* MATERIAL PROVIDED
○ ○ ○ ○ ○ ○ ○
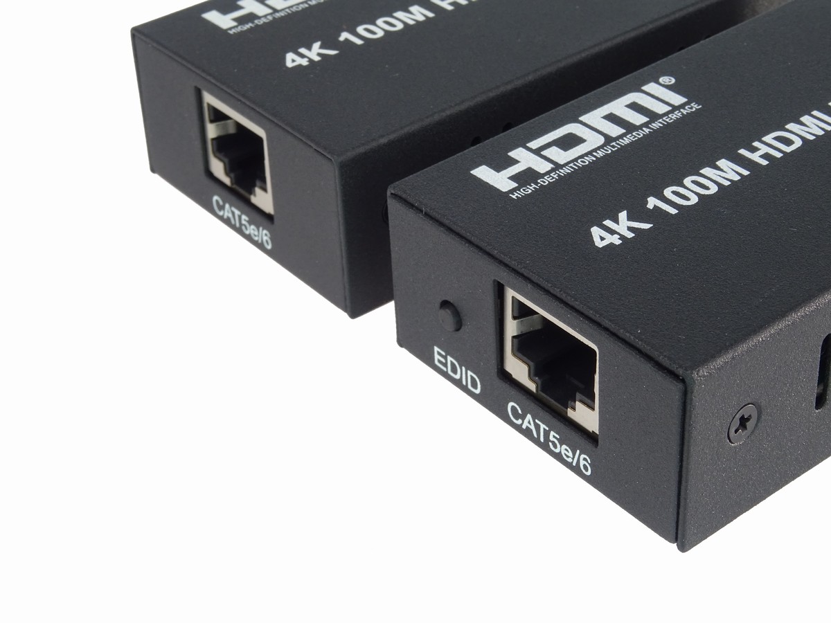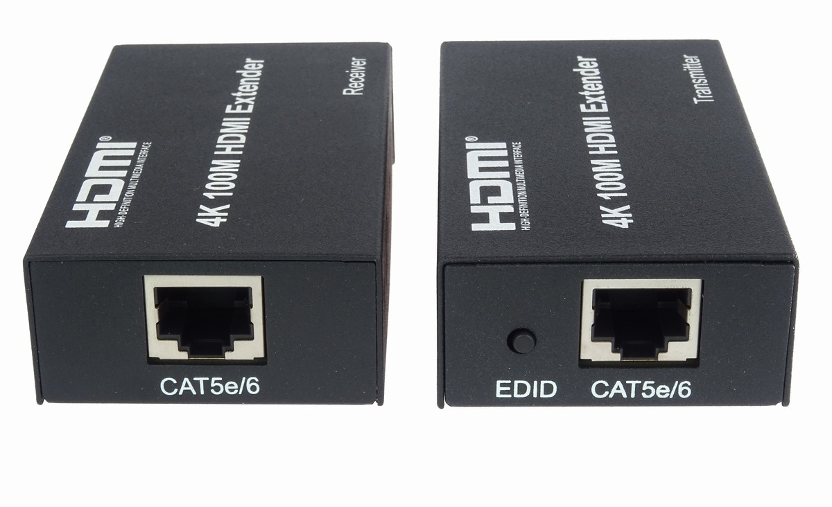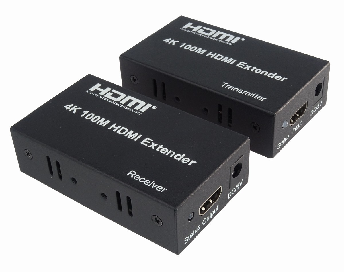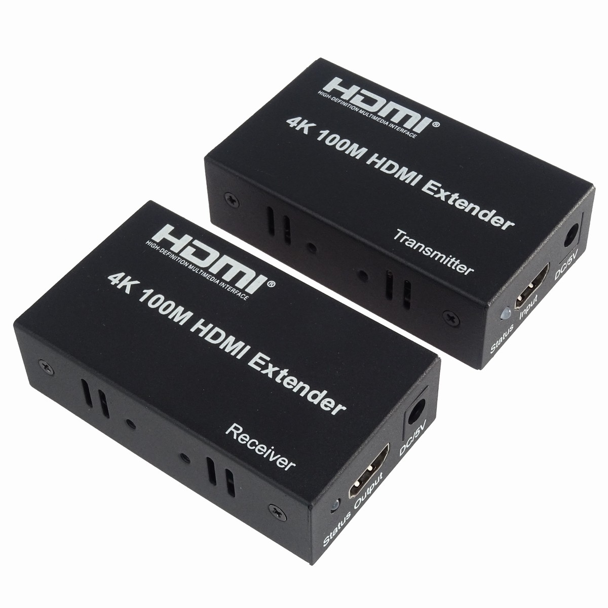 4K HDMI extender na 100m přes Cat5e/Cat6, zařízení umožňuje po jednom síťovém kabelu přenést HDMI signál v rozlišení 4K@30Hz nebo FULL HD 1080p až na 100m.Dále přenáší IR signály pro dálkové ovládání. Vysílač a přijímač má audio výstup pro zesilovač.
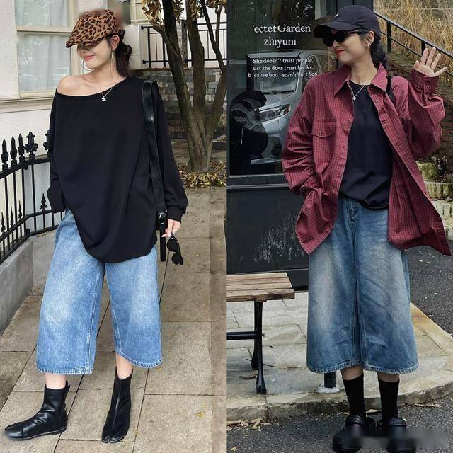 七分牛仔阔腿裤更适合高个子女生,可以穿出随性大气的风格,小个子有些驾驭不了。
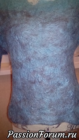 А поверх первого слоя шерсти была выложена шерсть меринос бежево-коричневого цвета паркеткой,нарочито крупными "мазками" - и получился мягкий двухсторонний свитер-джемпер.
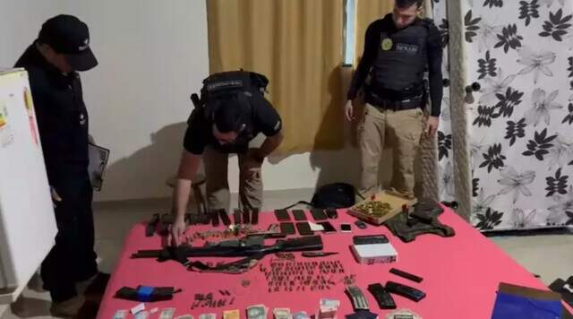 Com ele, foram apreendidos armas de grosso calibre, munições, joias, dinheiro em três moedas e duas caminhonetes de luxo sem documentação.
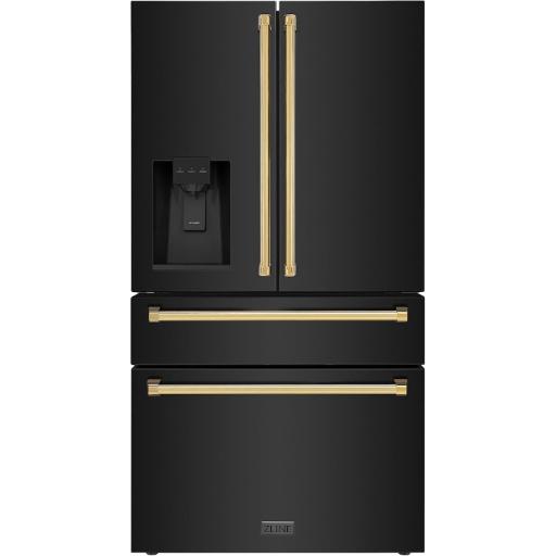 ZLINE Autograph 36″ Black Steel Counter-Depth Refrigerator with Gold Handles – Matte Finish
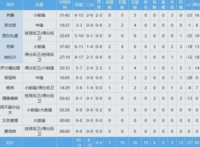 赵睿出战9分钟得到8分1板助1断,周琦上阵22分钟贡献15分9板,两人联手帮助北京队111-84大胜他们的老东家。
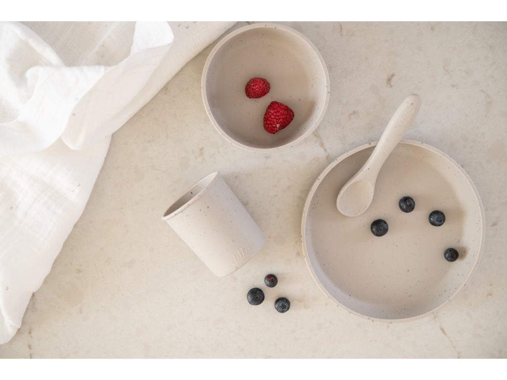 KIKKABOO Jídelní sada 5-dílná Platinum Silicone Sand
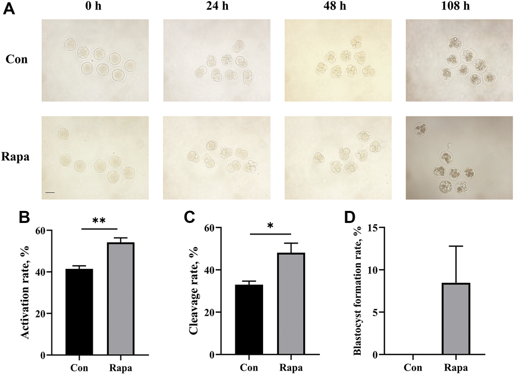 On average, the number of immature oocytes retrieved per mouse (aged 40~48 weeks) was 18.3 ± 1.5. After IVM, the maturation rates of oocytes in the rapamycin group were significantly higher than those in the control group (85.8% ± 3.0% vs. 74.7% ± 1.9%, P = 0.035). Following parthenogenetic activation (PA), the activation rates, cleavage rates, and blastocyst formation rates in the rapamycin group were also increased to some extent, compared with those in the control group (activation rate: 54.2% ± 2.2% vs. 41.5% ± 1.5%, P = 0.008; cleavage rate: 48.1% ± 4.5% vs. 33.0% ± 1.7%, P = 0.034; blastocyst formation rate: 8.5% ± 4.3% vs. 0.0% ± 0.0%, P = 0.122), as shown in Figure 1.
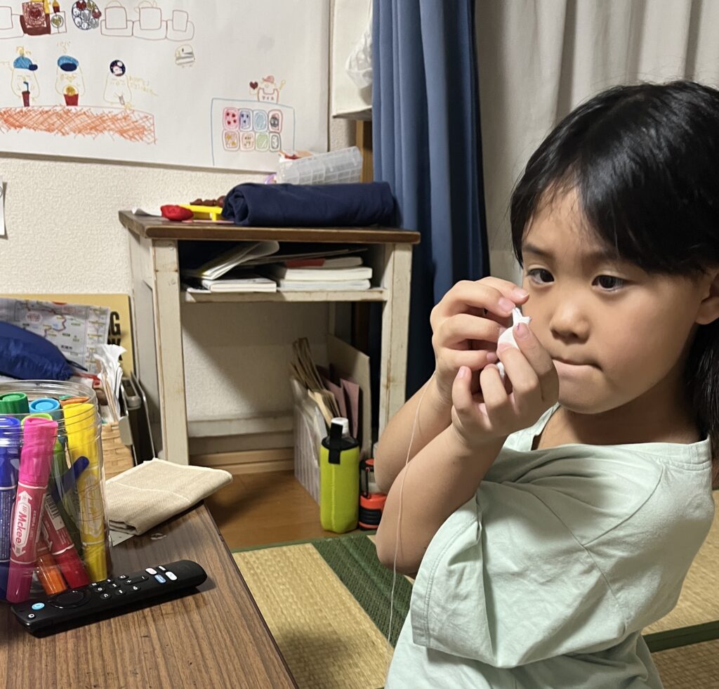 一緒に(ママは髪留めを)机でちくちく縫う時間は、
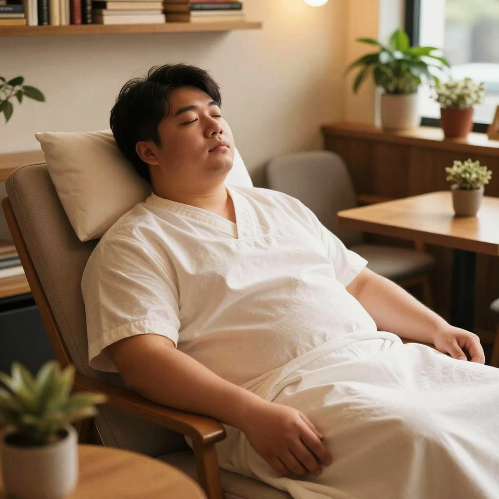 Heavyset body relaxing at a cozy indoor café, cozy warm lighting, surrounded by books and plants, realistic style, casual attire, soft color palette, inviting atmosphere
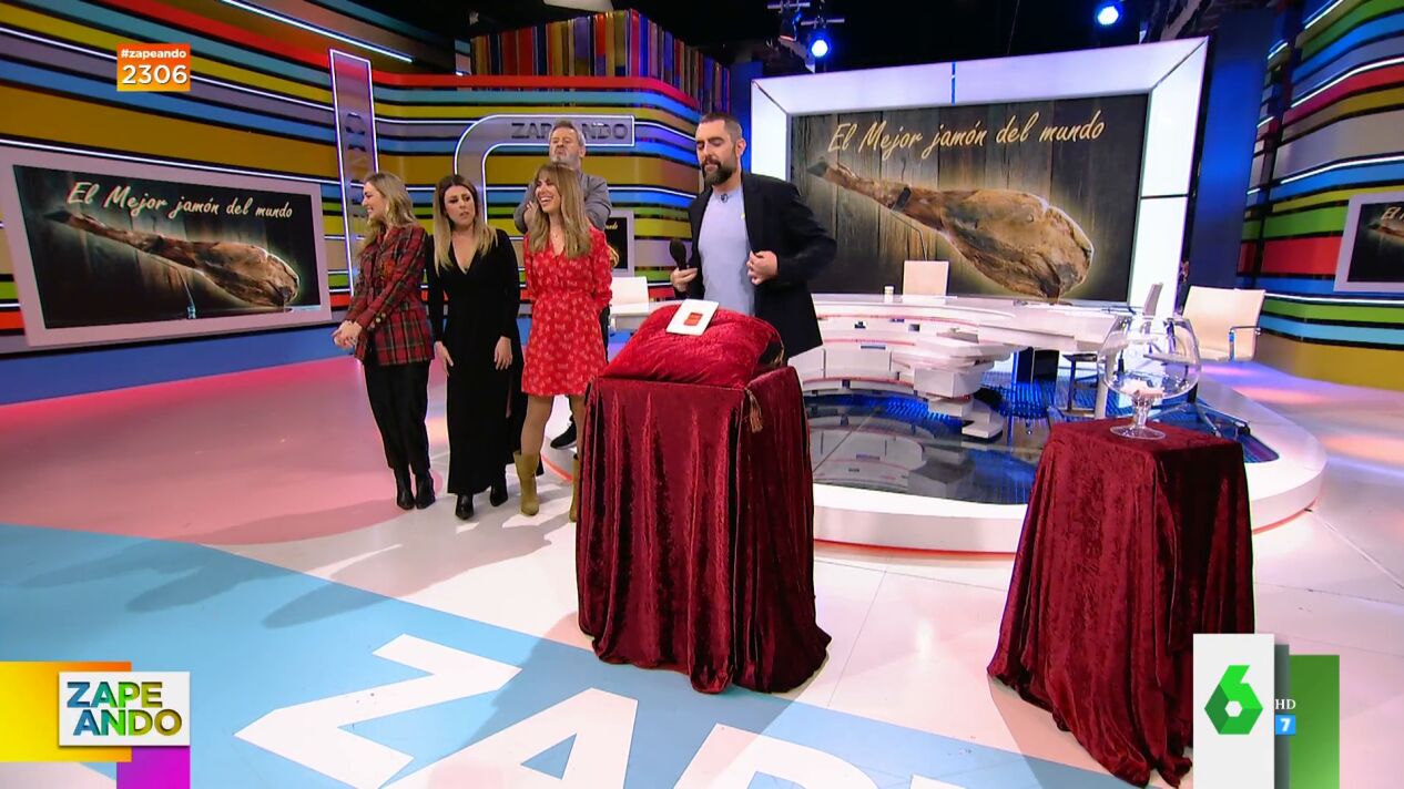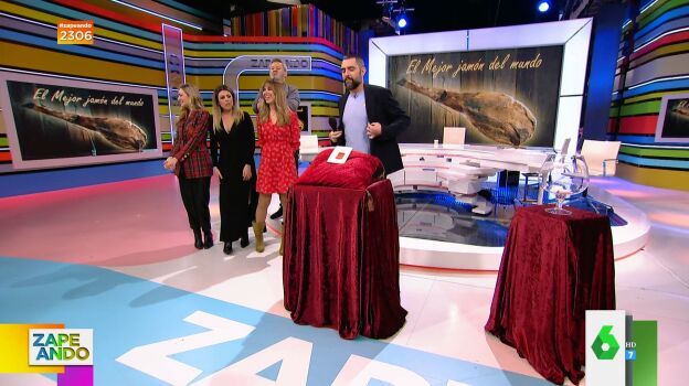 Dani Mateo pide a Mónica, una espectadora que se encuentra entre el público, que sea la encargada de sacar el papel que decida quién de los zapeadores será el que coma el mejor jamón del mundo. Y es que en el plató de Zapeando se encuentra una loncha de dicho jamón y todos están deseando que les toque.
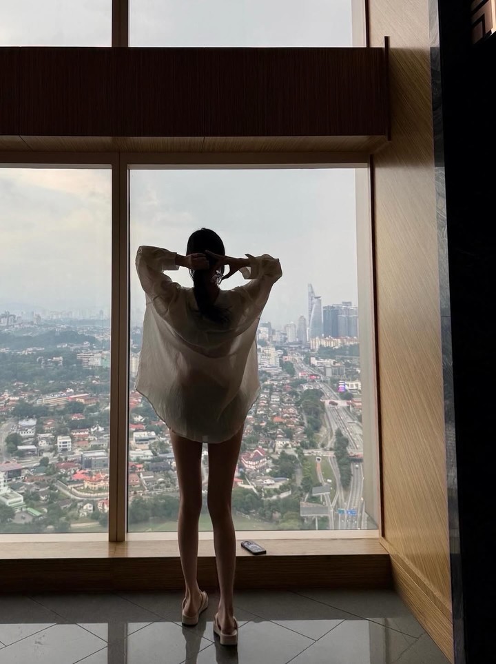 透过落地窗可见的都市全景与Yuju感性的演绎相互呼应,无声中吸引了粉丝的关注与热议。
○ ○ ○ ○ ○ ○ ○
Look above for the line with "А поверх первого" and the line with "KIKKABOO Jídelní sada", then restate exactly those two lines and all lines between them, with no pictures.

 А поверх первого слоя шерсти была выложена шерсть меринос бежево-коричневого цвета паркеткой,нарочито крупными "мазками" - и получился мягкий двухсторонний свитер-джемпер.
 Com ele, foram apreendidos armas de grosso calibre, munições, joias, dinheiro em três moedas e duas caminhonetes de luxo sem documentação.
 ZLINE Autograph 36″ Black Steel Counter-Depth Refrigerator with Gold Handles – Matte Finish
 赵睿出战9分钟得到8分1板助1断,周琦上阵22分钟贡献15分9板,两人联手帮助北京队111-84大胜他们的老东家。
 KIKKABOO Jídelní sada 5-dílná Platinum Silicone Sand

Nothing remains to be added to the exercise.